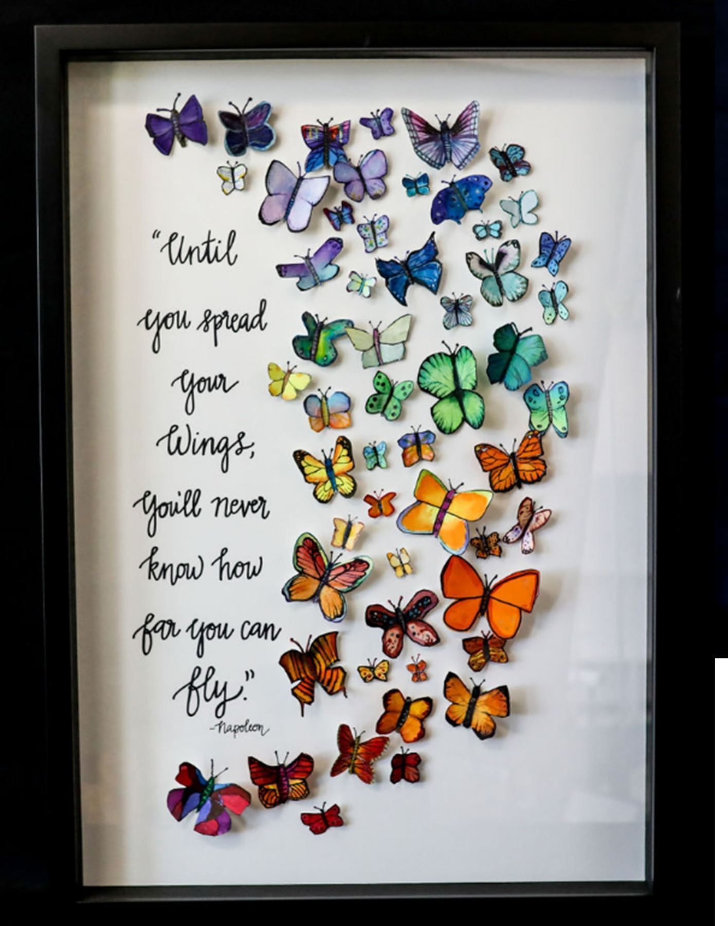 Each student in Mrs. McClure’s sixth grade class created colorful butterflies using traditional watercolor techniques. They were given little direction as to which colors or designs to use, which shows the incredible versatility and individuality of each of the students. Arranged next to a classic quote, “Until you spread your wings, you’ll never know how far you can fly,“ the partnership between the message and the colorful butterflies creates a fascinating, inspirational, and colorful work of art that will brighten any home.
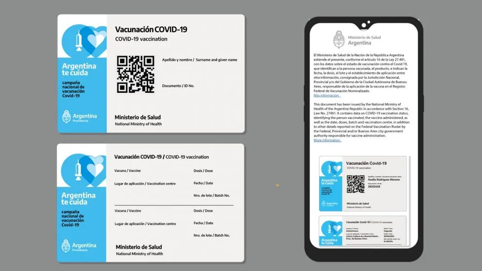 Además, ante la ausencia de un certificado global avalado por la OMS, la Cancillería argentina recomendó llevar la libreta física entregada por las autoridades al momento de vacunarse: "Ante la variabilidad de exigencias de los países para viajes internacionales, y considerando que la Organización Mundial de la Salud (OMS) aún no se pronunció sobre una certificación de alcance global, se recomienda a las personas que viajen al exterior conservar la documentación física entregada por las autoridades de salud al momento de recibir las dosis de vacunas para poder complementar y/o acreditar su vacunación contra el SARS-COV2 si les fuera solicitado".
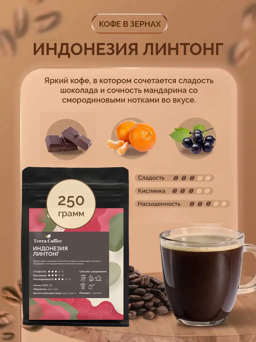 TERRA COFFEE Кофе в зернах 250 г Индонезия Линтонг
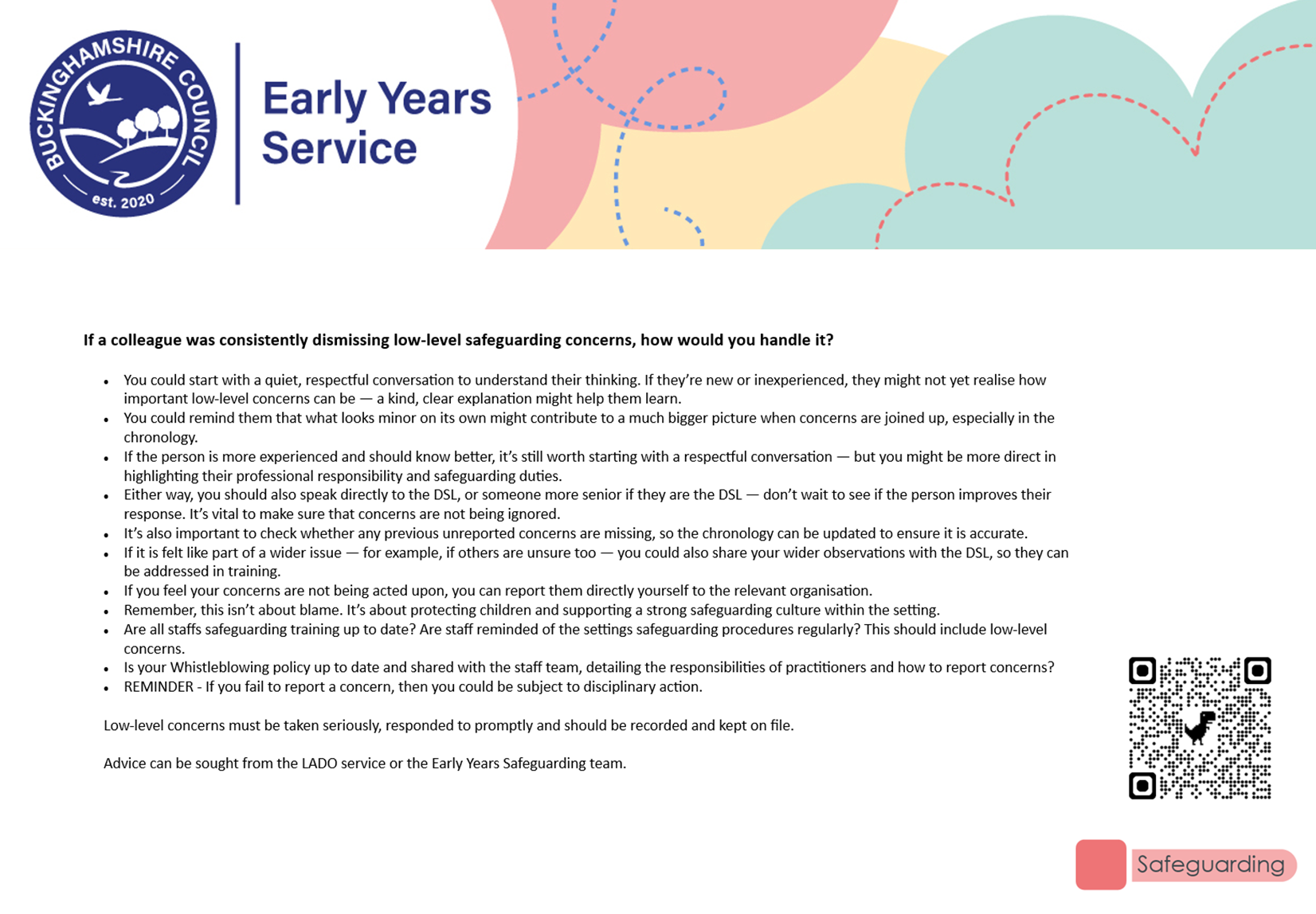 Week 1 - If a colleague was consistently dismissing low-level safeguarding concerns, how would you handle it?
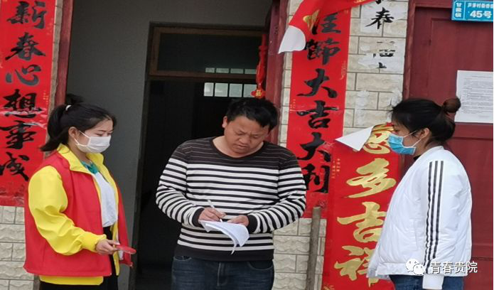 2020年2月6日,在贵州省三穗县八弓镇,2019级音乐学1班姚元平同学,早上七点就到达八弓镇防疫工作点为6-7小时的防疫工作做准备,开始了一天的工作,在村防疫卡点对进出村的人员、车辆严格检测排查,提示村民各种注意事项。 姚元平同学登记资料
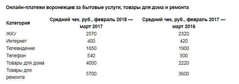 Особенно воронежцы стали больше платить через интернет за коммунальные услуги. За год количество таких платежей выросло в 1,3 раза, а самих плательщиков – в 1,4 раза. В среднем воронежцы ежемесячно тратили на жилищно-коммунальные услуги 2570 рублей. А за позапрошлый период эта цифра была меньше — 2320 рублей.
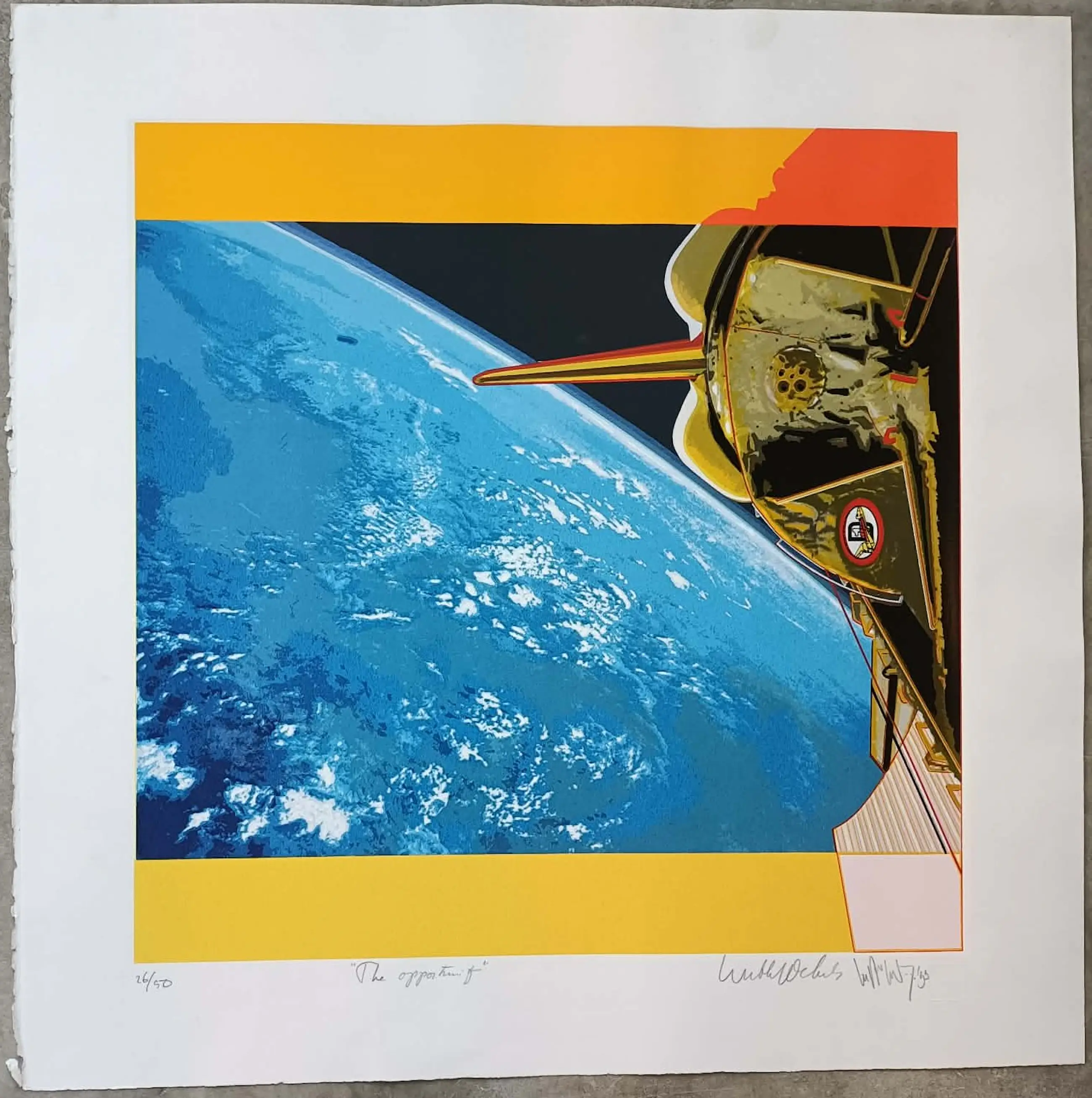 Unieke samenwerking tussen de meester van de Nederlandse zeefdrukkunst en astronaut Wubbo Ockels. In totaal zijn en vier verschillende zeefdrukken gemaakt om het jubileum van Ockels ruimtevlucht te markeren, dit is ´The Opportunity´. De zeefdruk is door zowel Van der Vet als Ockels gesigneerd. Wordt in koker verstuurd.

------------------------------

What you give back should be exactly the lines from the top of the data above down to and including the line with "2020年2月6日,在贵州省", minus any pictures.

= Answer below =
 Each student in Mrs. McClure’s sixth grade class created colorful butterflies using traditional watercolor techniques. They were given little direction as to which colors or designs to use, which shows the incredible versatility and individuality of each of the students. Arranged next to a classic quote, “Until you spread your wings, you’ll never know how far you can fly,“ the partnership between the message and the colorful butterflies creates a fascinating, inspirational, and colorful work of art that will brighten any home.
 Además, ante la ausencia de un certificado global avalado por la OMS, la Cancillería argentina recomendó llevar la libreta física entregada por las autoridades al momento de vacunarse: "Ante la variabilidad de exigencias de los países para viajes internacionales, y considerando que la Organización Mundial de la Salud (OMS) aún no se pronunció sobre una certificación de alcance global, se recomienda a las personas que viajen al exterior conservar la documentación física entregada por las autoridades de salud al momento de recibir las dosis de vacunas para poder complementar y/o acreditar su vacunación contra el SARS-COV2 si les fuera solicitado".
 TERRA COFFEE Кофе в зернах 250 г Индонезия Линтонг
 Week 1 - If a colleague was consistently dismissing low-level safeguarding concerns, how would you handle it?
 2020年2月6日,在贵州省三穗县八弓镇,2019级音乐学1班姚元平同学,早上七点就到达八弓镇防疫工作点为6-7小时的防疫工作做准备,开始了一天的工作,在村防疫卡点对进出村的人员、车辆严格检测排查,提示村民各种注意事项。 姚元平同学登记资料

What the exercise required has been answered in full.